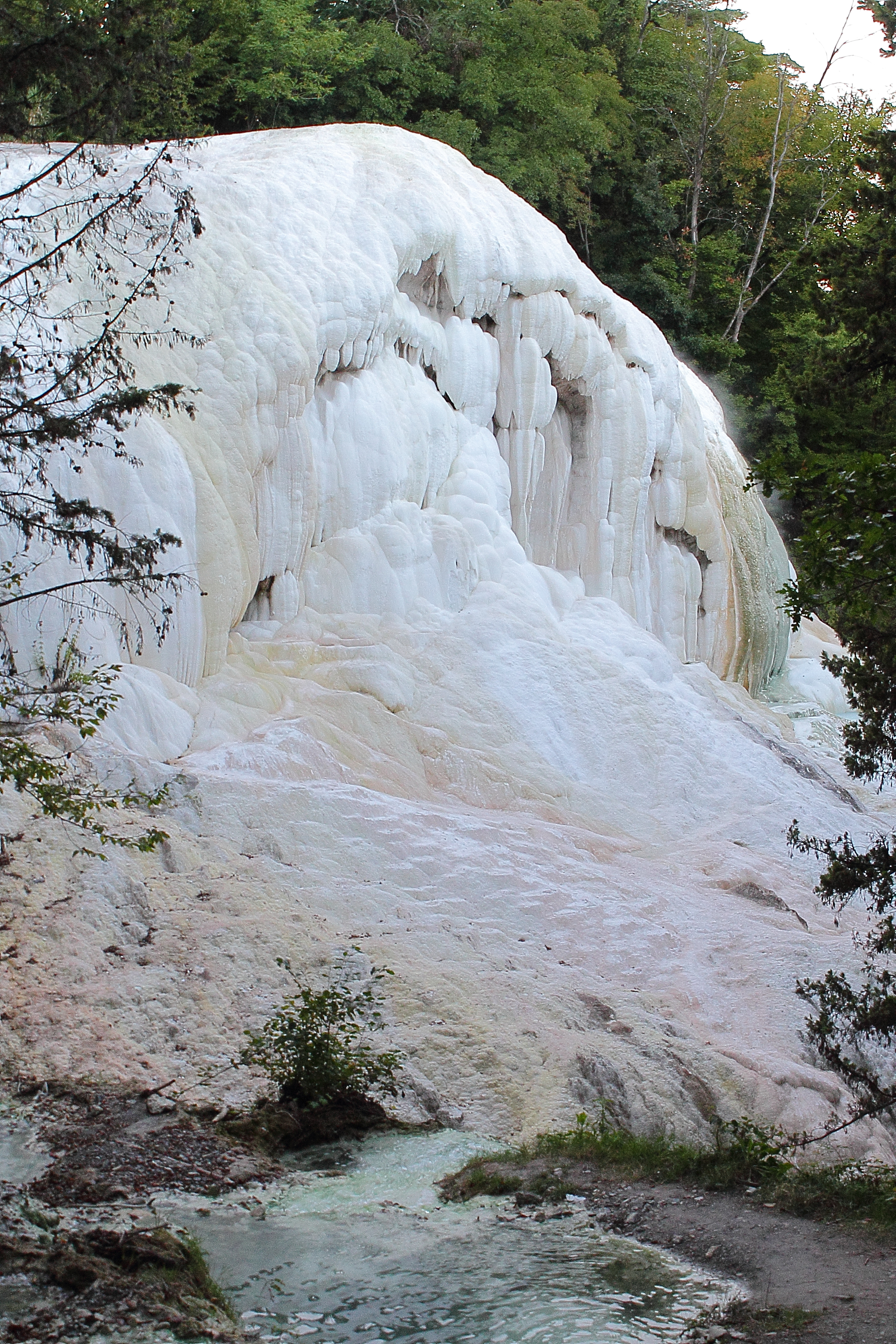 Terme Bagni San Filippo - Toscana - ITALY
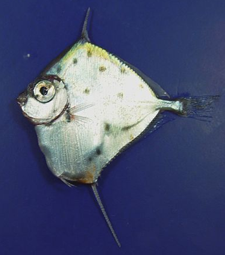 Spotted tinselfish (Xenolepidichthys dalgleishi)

==========

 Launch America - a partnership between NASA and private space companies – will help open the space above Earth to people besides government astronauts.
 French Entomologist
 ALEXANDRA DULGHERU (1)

==========

▶ [Brief] Could you repeat, exactly, only the lines above starting at the one that has "Terme Bagni San Filippo - Toscana - ITALY" and stopping after the one that has "Spotted tinselfish (Xenolepidichthys", without the pictures?

▶ [Solution]
 Terme Bagni San Filippo - Toscana - ITALY
 Spotted tinselfish (Xenolepidichthys dalgleishi)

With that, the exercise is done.